If you give the owner enough keys in the multi-signature to be safe even if all oracles were to be hacked - what would the owner stop from withdrawing the funds?

I don't know the full details of the B & C design. I was operating under the assumption that the multi-signature was being used by the signers to move cryptocurrencies between users. I am not familiar with Peercoin, Nushares, or half of what's being discussed here so please forgive my ignorance, but assuming this proposal is being used to move cryptocurrencies between users then my idea is basically this:

T of N multi-signature where the owner O has access to less than T keys and the oracles S collectively never have more than T keys between them so that any combination of O + S keys is always required to move coins. Consider this scheme for example: 4 of 6 where the owner has control over 3 of the keys. He now has majority leverage over the multi-signature yet he lacks the leverage to be able to arbitrary move coins and hence he can't double spend the deposit. The advantage to this approach is it can scale to multiple oracles for fault tolerance but the owner doesn't have to rely on the integrity of those oracles because the leverage in the multi-signature ensures it is impossible to move funds without also requiring the owner's leverage (since he controls at least > N - T keys.) Thus, if the oracles are ever hacked it doesn't matter because the owner still has a say in the overall security- a huge advantage.
[...]
I wouldn't dare to say that I have understood the details of the design in full. This is one of the reasons why I appreciate discussing it!

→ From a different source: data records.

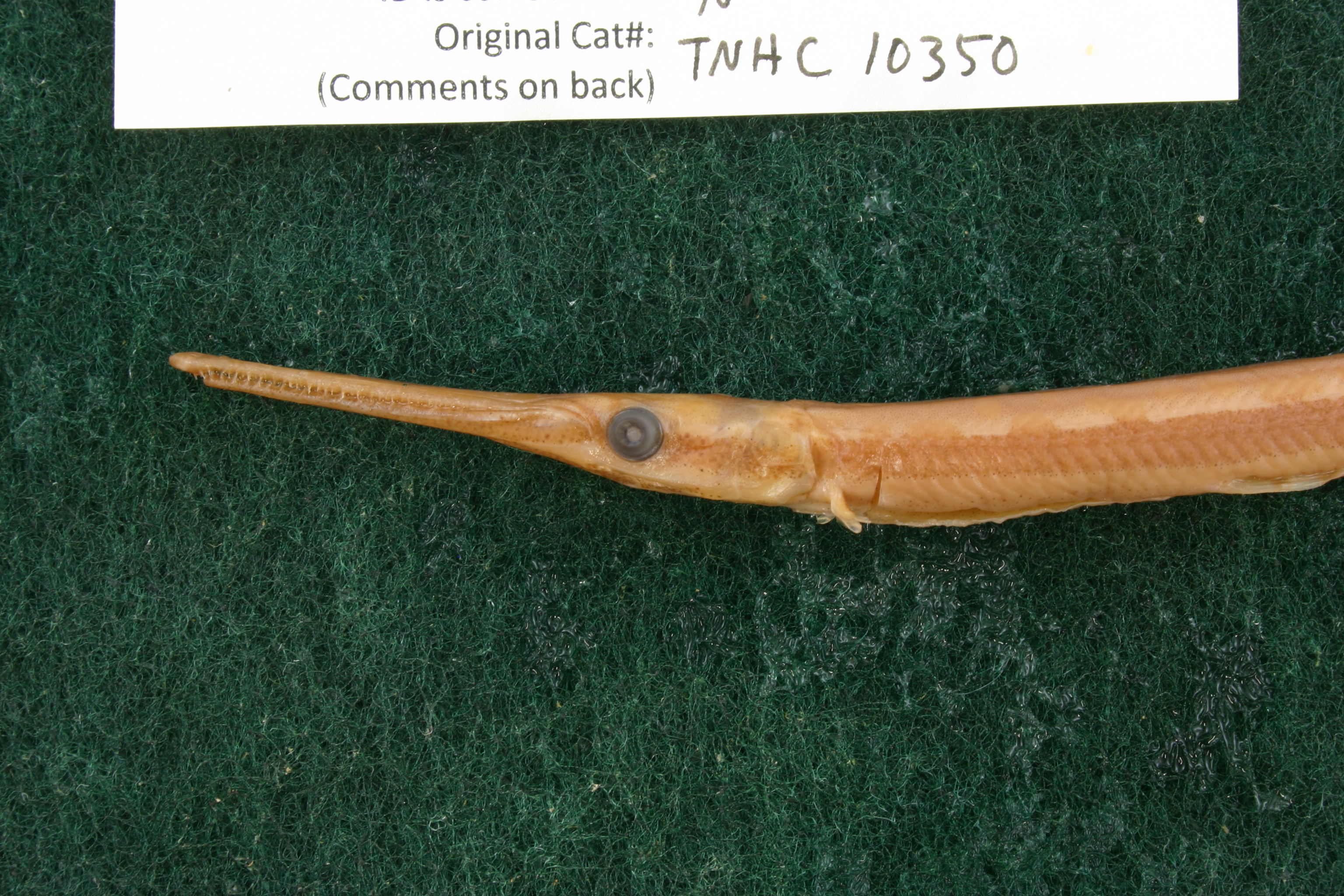 Specimen examined and Id'ed for FoTX project. | ID notes: lateral line scales: 57; *note for SL measurements that gar have heterocercal tails - all length measurements are based on SL and are approximate; MinSL(mm): 115.49; MaxSL(mm): ; Jar: 8 oz; Specimen condition: good; Mutations: none; Count Male: ; Count female: ; Extern parasites: n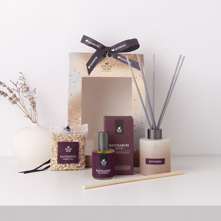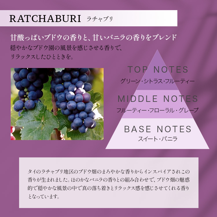 タイの有名なランドマークからインスピレーションを得たフレグランスシリーズがセットになったスペシャルギフト。自然豊かなタイのラチャブリ地区にある、ブドウ畑の芳醇な香りから着想を得た『ラチャブリ』。ブドウ畑の魅惑的で穏やかな風景の中で、心休まるひと時を感じられる香りとなっています。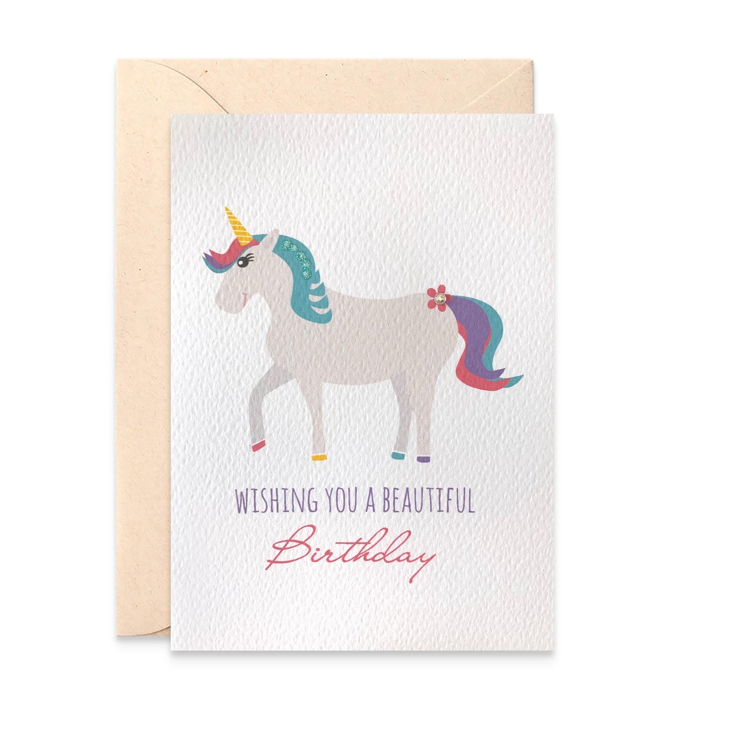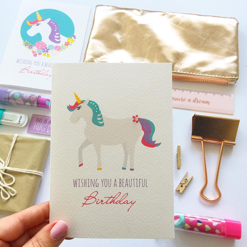 A cute and bright handmade Birthday Girl Card featuring a Unicorn. A fun greeting card to give to your daughters, nieces, cousins and school friends.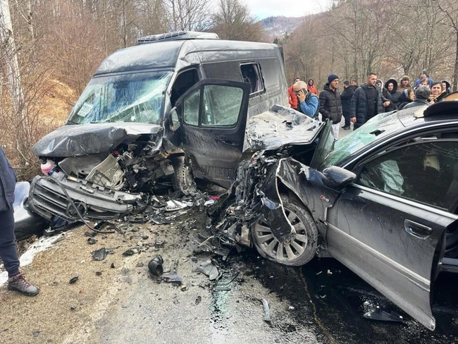 Accident cu 9 răniţi pe DN 71 Sinaia - Târgovişte. O maşină ar fi pătruns pe contrasens şi s-a izbit de un microbuz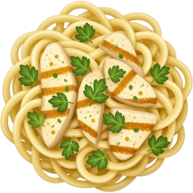 Chicken Alfredo pasta with white crème sauce and grilled chicken on top emoji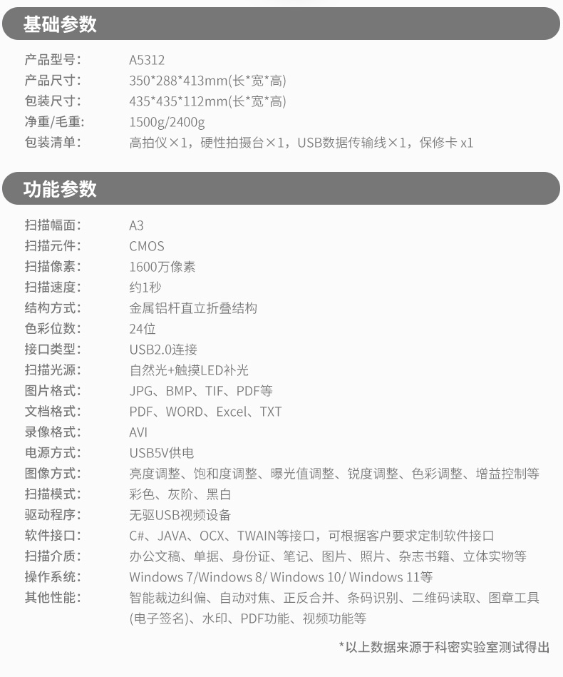 科密(comet) A5312 高拍儀 1600萬像素掃描儀 A3A4文件資料照片存檔 OCR識別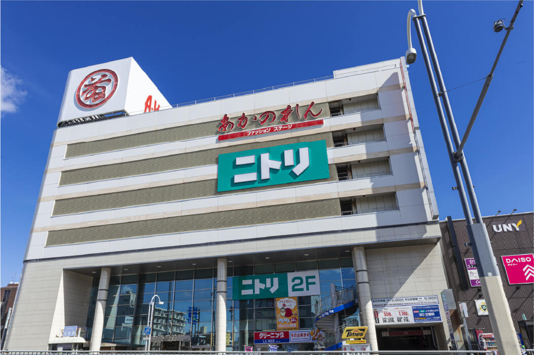 ファッションメーカーのあかのれん、インテリアショップのニトリを併設。普段使いのファッションやインテリアのアイテムが豊富で、お値打ちな価格で揃っています。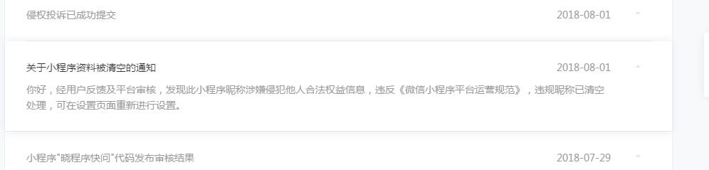 8月1日,我们突然发现名称被清空了,提前没有任何通知,通知(截图)说接到用户投诉,可一直未找到投诉或申诉入口,难道是这个业务商家不能做?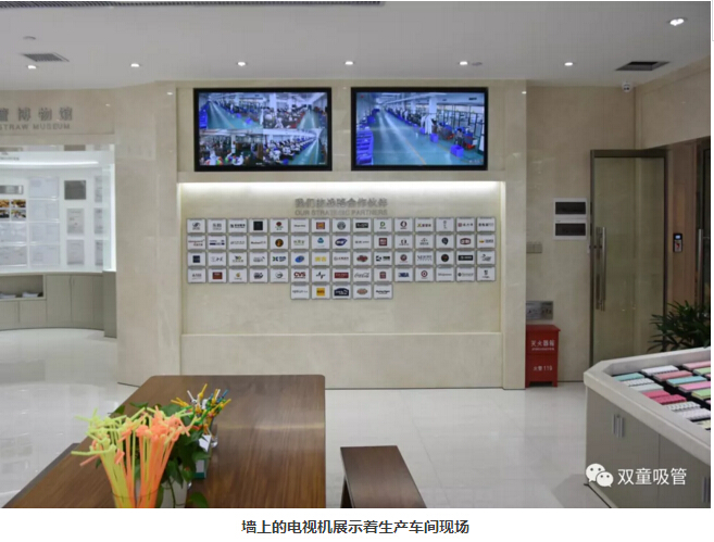 >>> 在“雙童”吸管產(chǎn)品陳列廳的墻面上有兩臺大屏三星液晶電視連接著車間的監(jiān)控端,讓客戶在不進(jìn)入車間的前提下也能了解到“雙童”的車間生產(chǎn)狀況;

While your proposed solution would give the owner control over the deposits, I see significant drawbacks:
  • The owner is turned to a signer who needs to be online to execute orders because the owner's keys are required to move the funds. By current design a customer can go offline after an order has been successfully placed.
  • A customer needs to take care of the safety of the multi-sig keys (in addition to the safety of the crypto wallets, but in difference the wallets' safety can't be done with a one-time backup, can it?); I can imagine things go pear-shaped on customers side leading to a total loss of the deposits.
  • The owner only needs to collude with one (or a few) reputed signers to withdraw the deposit instead of transferring it to a business partner who assumed to make an exchange at B&C
  • It creates an attack scenario in which a "reputed" signer is (successfully!) selling a huge amount of crypto and doesn't transfer them to the buyer's address, instead withdrawing that huge amount after having received the bought crypto.
    If the gain from such an act outweighs the value of the security deposit, it's game theoretical a good deal, albeit horrible for the exchange and its customers.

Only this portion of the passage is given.